Some experts wonder why the administration even chose to defend the law in the first place. Turley maintains that they didn’t have to: “The president has a duty to separate his administration from an unconstitutional statute. If a statute required racial discrimination, would the president seriously be arguing that he and his administration would have to defend the statute all the way to the Supreme Court?” Many liberals feel betrayed by a president who they see as having chosen to enforce and defend a discriminatory law.

But Obama has some defenders on the legal left. Burt of Yale law school, who personally supports letting gays serve openly, says that Obama’s interpretations of his administration’s obligations have been correct. “If there is an act of Congress, it seems reasonable to me to say that it binds the president and he must faithfully execute it,” Burt says. “It is within the president’s discretion to say that the ruling in Log Cabin Republicans is so clear that there’s no point in appealing,” Burt concedes. “But that’s not the case here: there have been conflicts among district courts and courts of appeal that have looked at this statute.” Most of those rulings preceded Lawrence v. TexasLawrence strengthens the argument that DADT is unconstitutional, but courts have shown a lot deference on questions of military necessity.

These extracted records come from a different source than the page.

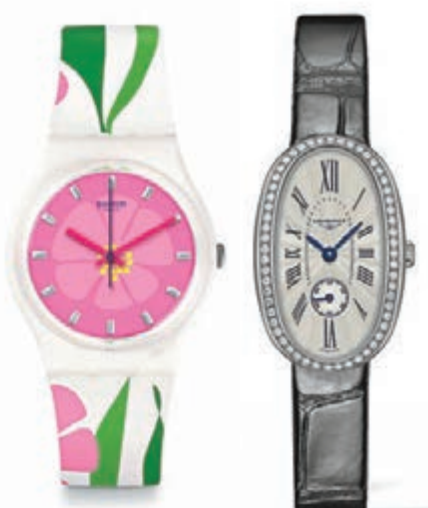
Swatch PRIMEVERE LONGINES

母親的雙手,有一種溫暖、幸福的安全感,她用這雙手為我們遮風擋雨,將我們撫育成人。藉着今年母親節,讓身為子女的我們以一枚優雅腕錶,為這雙手送上一份敬意。瑞士著名鐘錶品牌LONGINES 推介一款 Symphonette 圓舞曲系列腕錶,其橢圓形錶殼展現出女士們的溫柔與嫵媚,精鋼與鑽石搭配的錶殼散發璀璨光芒,令追求與別不同的她為之動容。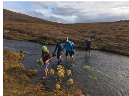
Áskoranir geta verið af mörgum toga, sumir nemendur höfðu aldrei vaðið vfir á.

Yngsta stig fór í heimsókn til Súðavíkur en þar var farið að skoða Melrakkasetrið. Einnig var kíkt í heimsókn í Sætt og Salt ásamt elstu nemendum leikskólans.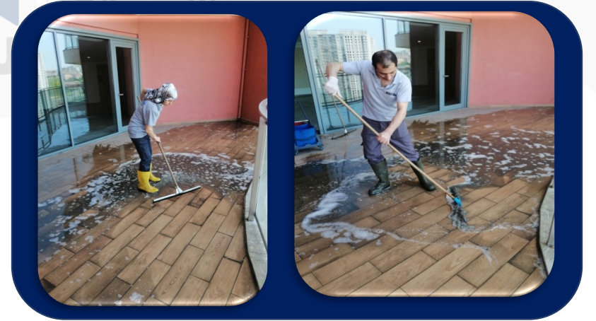
Bina içi balkonlar yıkandı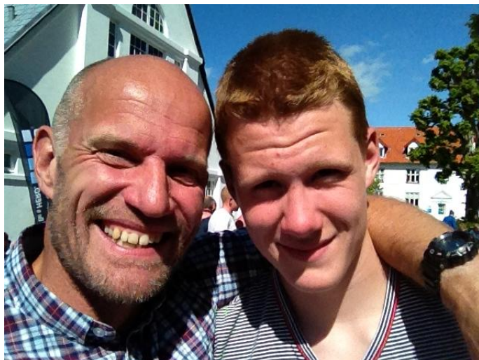
Far og Søn A/S – i mål.

Vi er klar til næste år – håber benene også bliver det.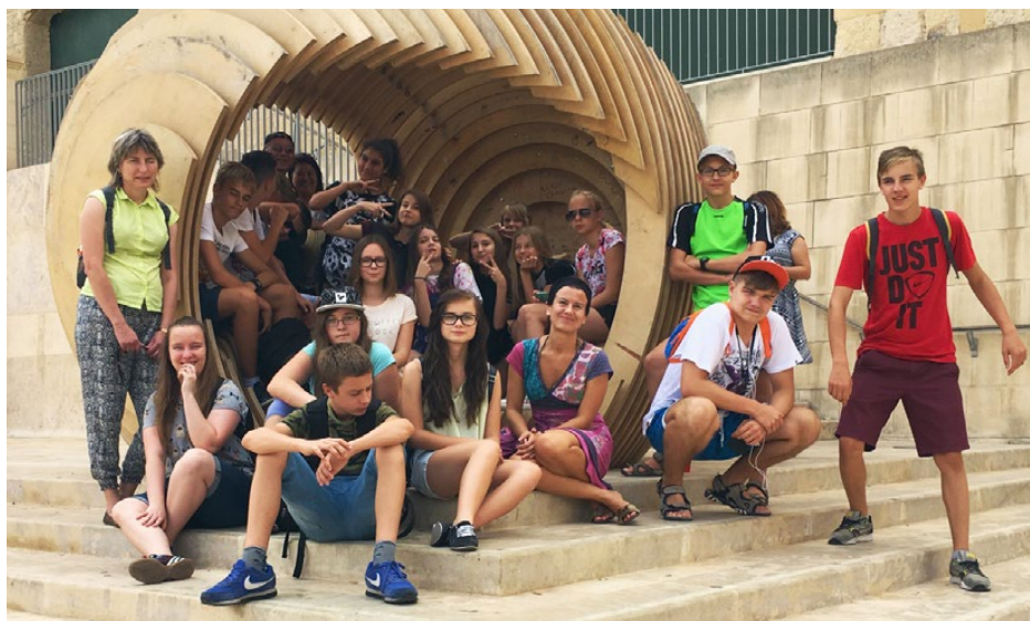
Uczestnicy warsztatów na Malcie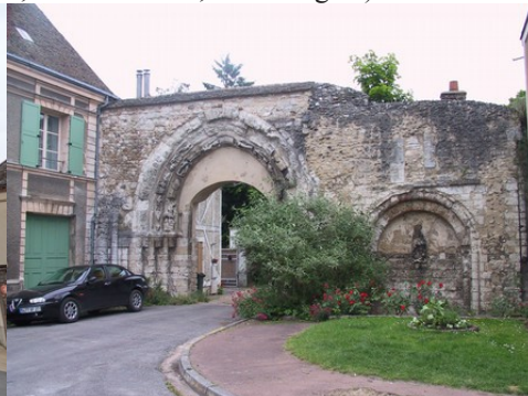
Le portail de l'ancienne abbaye (classé)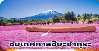
ชมเทศกาลชิบะซากุระ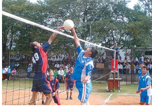
फाइनल खेलको एक दृश्य।

फाइनलमा पुगेको जनशक्ति व्यवस्थापन विभाग तेस्रो सेटमा पनि २५-१३ को स्कोरमा पाखा लाग्यो।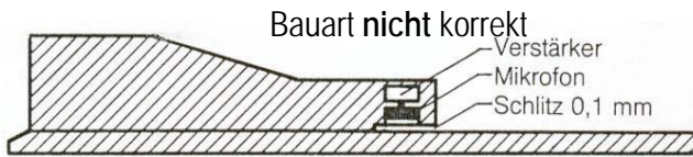
Bauart nicht korrekt Pressure Zone Microphone PZM = Warenzeichen der Firma Crown. Patentrechtlich geschützt.

Perhaps Obama’s choices that seem to contradict his beliefs on the issue are motivated by politics—a desire to shift responsibility to Congress or the military—rather than legal principle. That’s the only explanation that makes sense to many disappointed gay-rights supporters. “My only plausible explanation is the president made a political accommodation with the military and Congress that ‘I’m not going to step in the middle of this,’ ” Mazur says. But as pressure builds from his impatient supporters, Mazur adds, “He’s finding it easier said than done for a president to say, ‘Even though I’m commander in chief, I’m going to stay out of it.’ The pressure is becoming greater for him to justify how he can stay out of it.”